Of course, acting is little without good dialogue, and good dialogue was one thing Deadline had in common with L&O. The characterizations were strong and interesting, with a depth rarely found on TV. Their lines were complex and used big words and everything. The actors were permitted to express their intelligence -- both intelligent actors and intelligent dialogue being scarce treats indeed.

Perhaps, though, in addition to the marketing error, the other error that sank Deadline was that, in making the characters engaging and smart, the writers and producers failed to make them entirely likeable. Platt's Benton was a lot of fun to watch, but he was also abrasive, abusive, overbearing, intimidating. Not the kind of traits that make an easy hero. Perhaps American viewers are not in the market for difficult protagonists on TV -- witness the early death of Robert Pastorelli's Cracker, or any of Dabney Coleman's vehicles (from Buffalo Bill on), or Jeremy Piven's Cupid.

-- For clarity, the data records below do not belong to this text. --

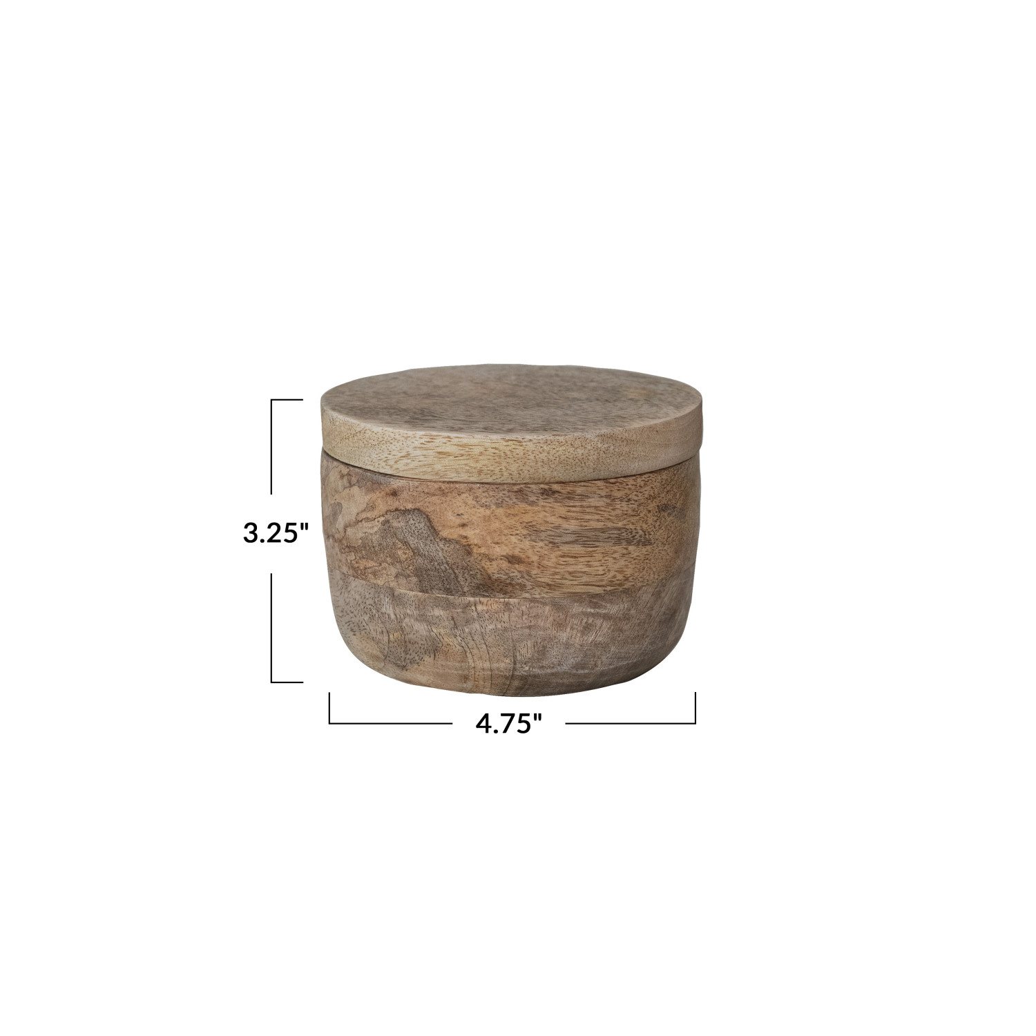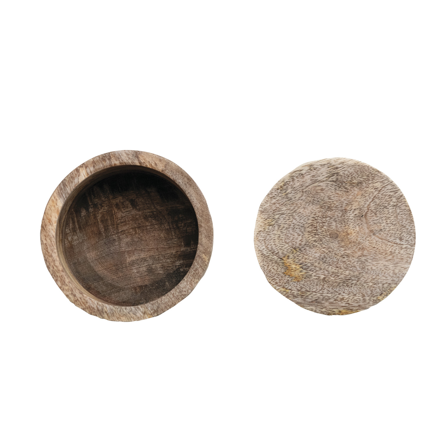 Catalog Name: 4-3/4" Round x 3-1/4"H Mango Wood Salt Cellar w/ Lid, Natural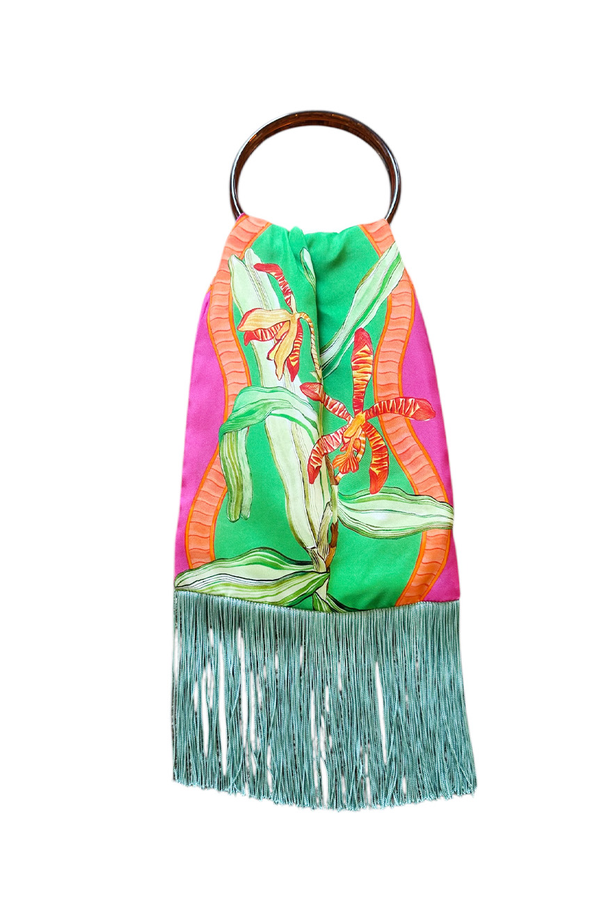 Eleni Malami small silk bag with fringe, an unusual yet striking colour combination. Made in in Brighton, England.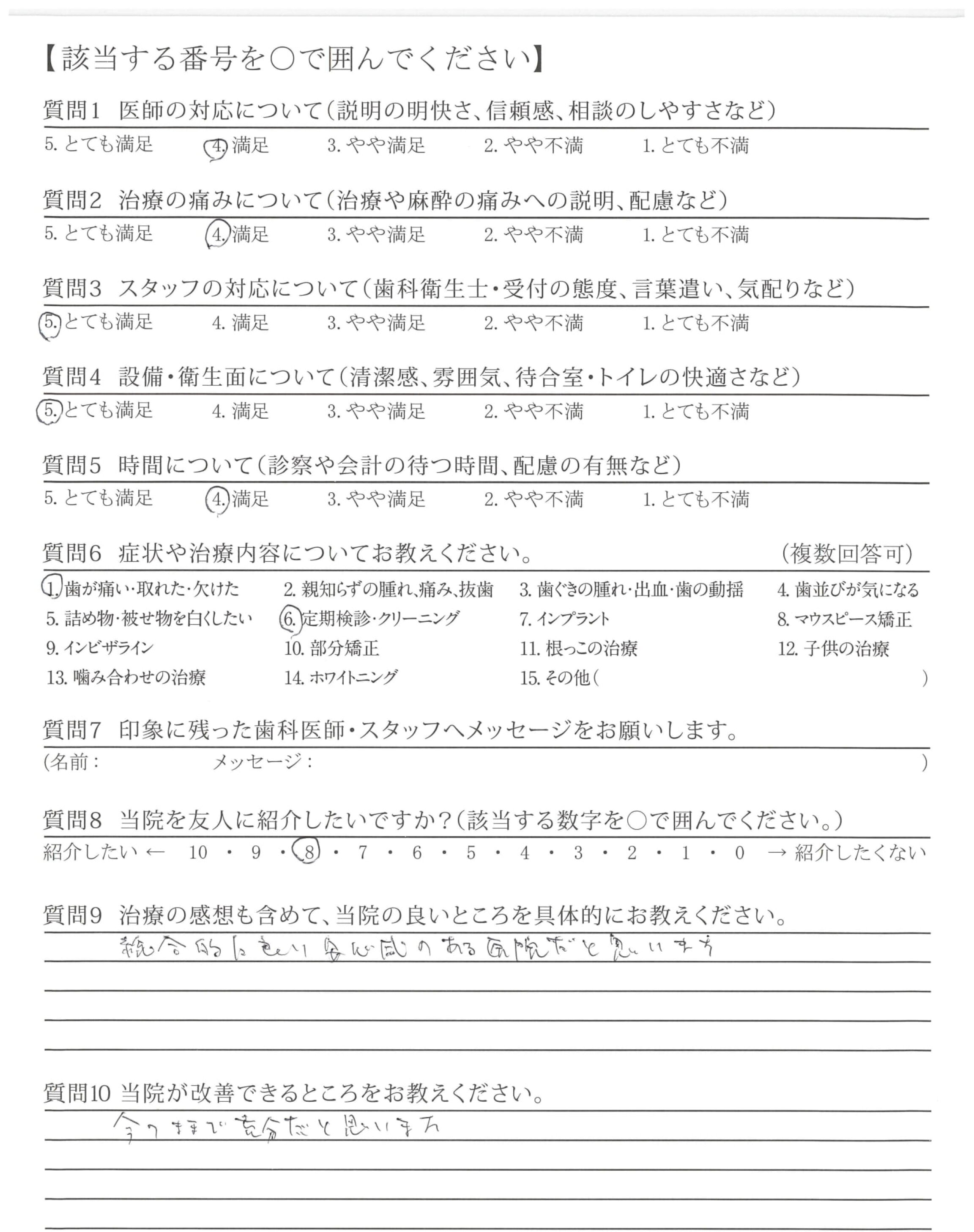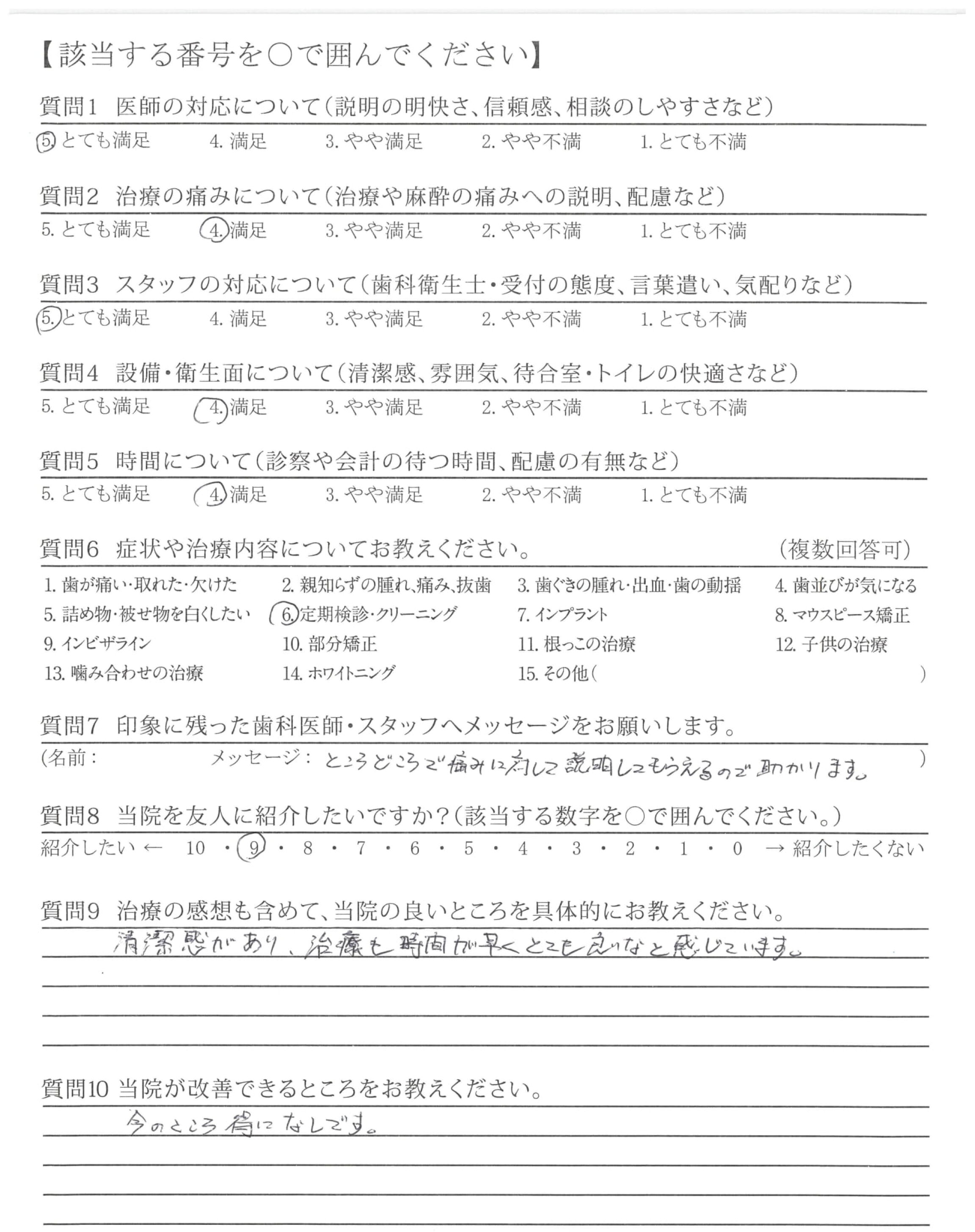 | 治療の痛みへの配慮 | ![]() ![]() ![]() ![]() 4.55 |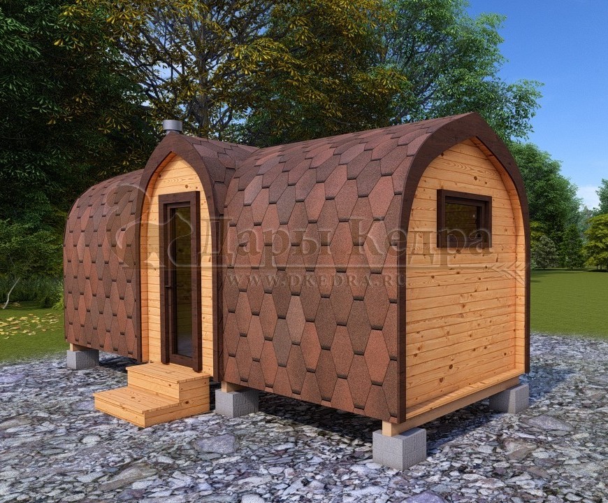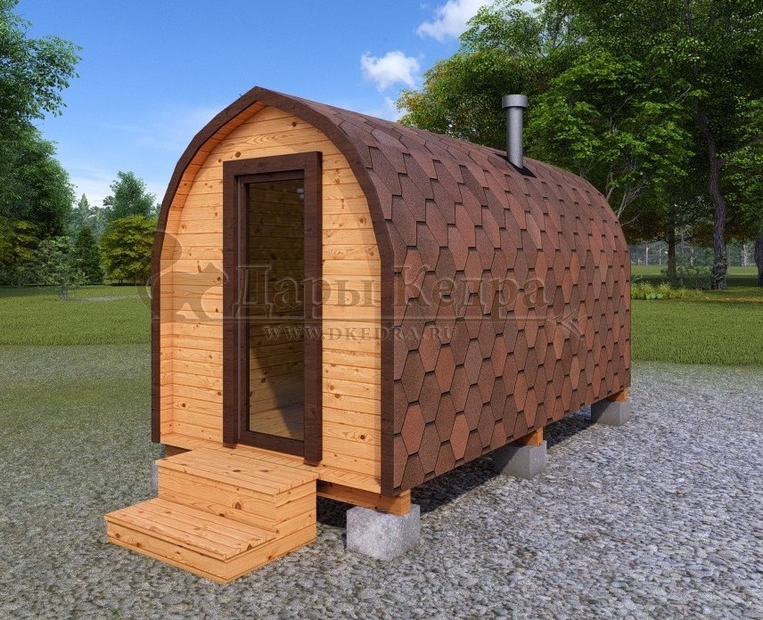 Баня-бочка круглая из кедра 3 метра Это изделие круглой вытянутой формы с двумя отделениями: раздевалкой и парной. Лавочки из кедра находятся по всей длине бани-бочки с обеих сторон. Печь расположена в парилке около дальней стены. Для удобства пользования в раздевалке установлена вешалка и полочка из кедра. За счет небольшой конструкции баня нагревается не более 30 минут. По вашему желанию баню-бочку можно дополнить печью с внешней загрузкой, благодаря которой весь мусор после топки останется на улице. Круглая баня-бочка не требует полноценный фундамент, поэтому при необходимости ее можно перенести в другое место. Обращаем Ваше внимание, что в стандартную комплектацию бани входят лавки в парной с обеих сторон. Дополнительно можно заказать полок открытого или закрытого типа! Кедр обладает ароматическими свойствами. Он не деформируется и влагоустойчив, при правильном уходе за деревом на нем не развиваются грибки и плесень.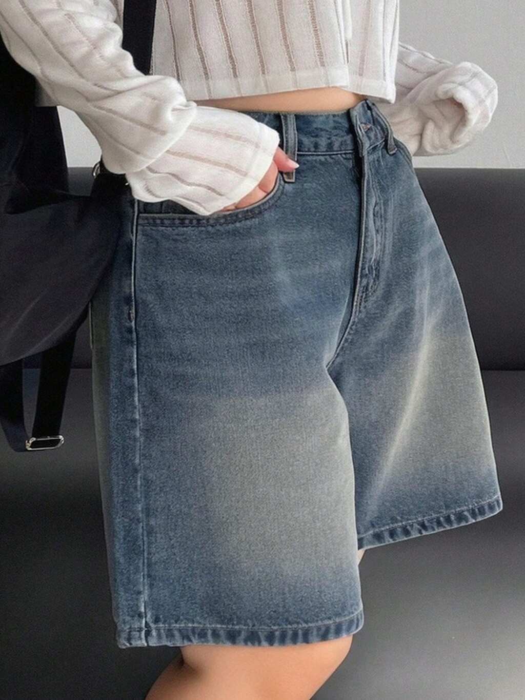 Dazy Plus Solid Color Casual Versatile Plain Denim Shorts, Plus Size Street Style For Women, Spring/Summer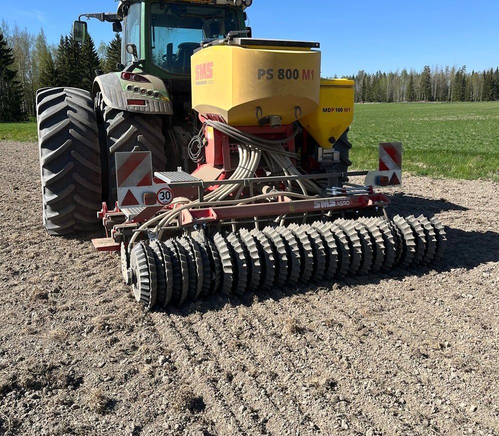 Kuvassa SMS Agro Smart Seeder 300 kylvökone APV PS 800 ja MDP 100 säiliöillä. Tractor Bumper 800 kg Safety Weight painopuskuri ja tarkasta kylvöstä vastaa Farmnavigator automaattiohjaus All in one RTK vastaanottimella ja korjaussignaalilla.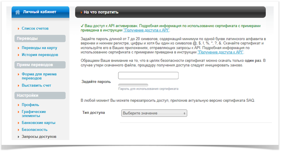 5. После того, как служба безопасности IntellectMoney предоставит доступ к API, нужно задать пароль и скачать сертификат.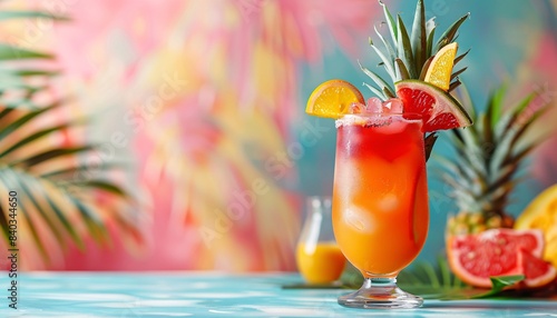 Tropical Refreshing Cocktail with Citrus Garnish and Pineapple on a Vibrant Background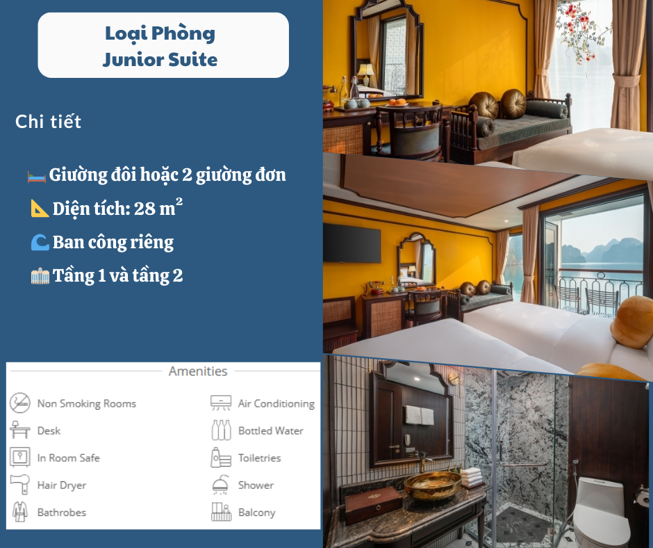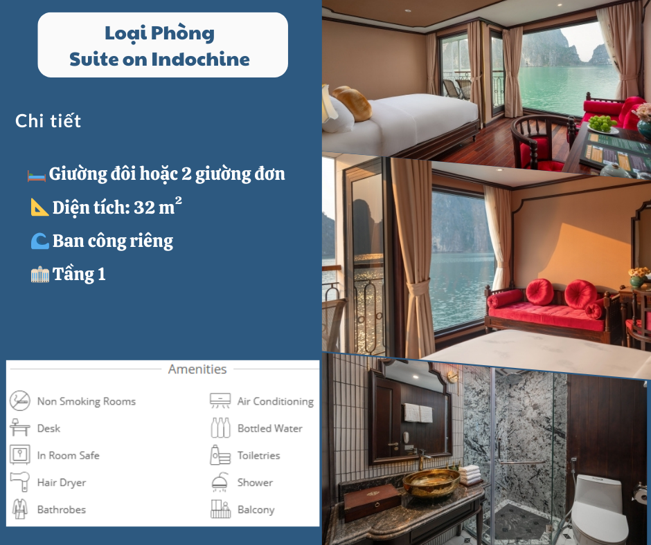 Indochine Grand Cruise – siêu phẩm mới nhất của chuỗi du thuyền Indochine, chính thức ra mắt năm 2025, du thuyền là biểu tượng của sự xa hoa và tinh tế trên vịnh Lan Hạ. Được thiết kế 32 phòng suite đẳng cấp, mỗi chi tiết trên du thuyền đều mang đậm nét nghệ thuật Đông Dương, kết hợp hoàn hảo giữa sự sang trọng và nét hoài cổ tinh tế, mang đến một không gian thư giãn tuyệt vời.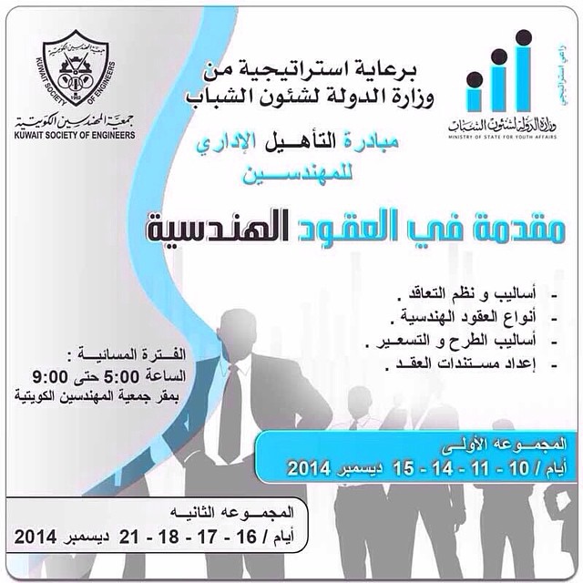 مبادرة التأهيل الإدارة للمهندسين مقدمة في العقود الهندسية 10/12/2014 الأحداث و الفعاليات, الإعلانات الرئيسية Tags: جمعية المهندسين الكويتية Share 0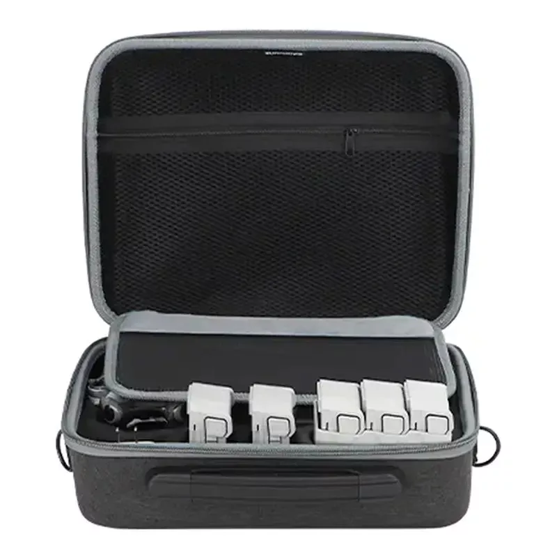 A táska felső és alsó részét egy puha anyaggal borított fal választja el egymástól, ami megakadályozza, hogy a felső részben tárolt tartozékok megkarcolják a drónt vagy a vezérlőt. A zseb hálóval van varrva, amely lehetővé teszi, hogy a felhasználó bepillantást nyerjen a tartalmába, így gyorsan felmérheti, hogy mindent bepakolt-e, amire szüksége van. A zseb cipzáras, hogy semmi se essen ki belőle.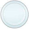 Descripción: Plato Redondo Blanco con Ribete Plateado fabricado en Plástico Rígido (PS).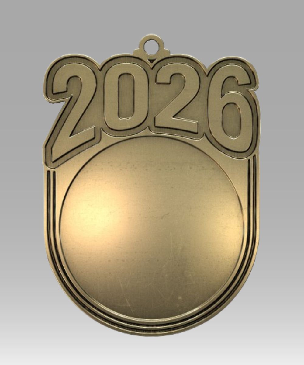 3″ Die Cast 2026 Insert Medal Holds 2″ Custom Mylar. Free Artwork and Setup. Neck Ribbon Included.
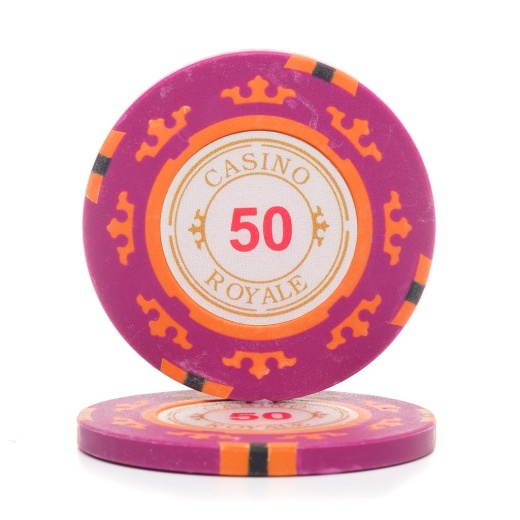 åÊCasino Royale poker chips are definitely one of the coolest poker chips we've ever offered. åÊSuper heavy 14 gram weight, matte finish, silver foil inset logo with 'CASINO ROYALE' åÊand the chip denomination (without currency symbol) all make this one fantastic poker chip. åÊThe edges feature 4 triple stripe edge spots with coordinating and contrasting colors. åÊYou'll be playing like the high rollers in no time when you break these chips out at your next game.

Then again, there were Deadline's plots, which were fairly insipid. While it says something that I could enjoy the show despite the unfortunate story arcs, it also says something that I had to enjoy the show "despite." In the last episode aired, the writers had sunk so low as to have the killer confess to Benton, then attempt to kill him, only to -- can you believe this twist ending? -- be shot by the police who were listening on the wiretap Benton was wearing! For the first half hour, this was the most exciting and involving TV show I'd seen in a long time; then it stumbled badly, then threw itself down the stairs, and by the time the killer was confessing it was beating itself with a chair leg and trying to squeeze its head into the storm drain. I can't imagine why this creaky old stupid retread plot, one that wouldn't have fooled TV viewers in 1956, had to exist alongside lines like this one: "I visit my daddy's grave and I pray. You know what I pray to my daddy? I pray for him to give me the strength... to dig up his body and beat his head in with a shovel for leaving me like this."*

Well, it doesn't matter now. Deadline is dead. And maybe I'm the only one, but I will mourn it.

* Note added March 18, 2003: Thanks to the miracle of Deadline repeats of Bravo, I can now bring you this quote precisely: "Every year I go visit his grave and I pray on his grave. You know what I prayed last year?...I said Daddy, God give me the strength to dig you up and beat the crap out of you with this shovel for leaving me the way you did."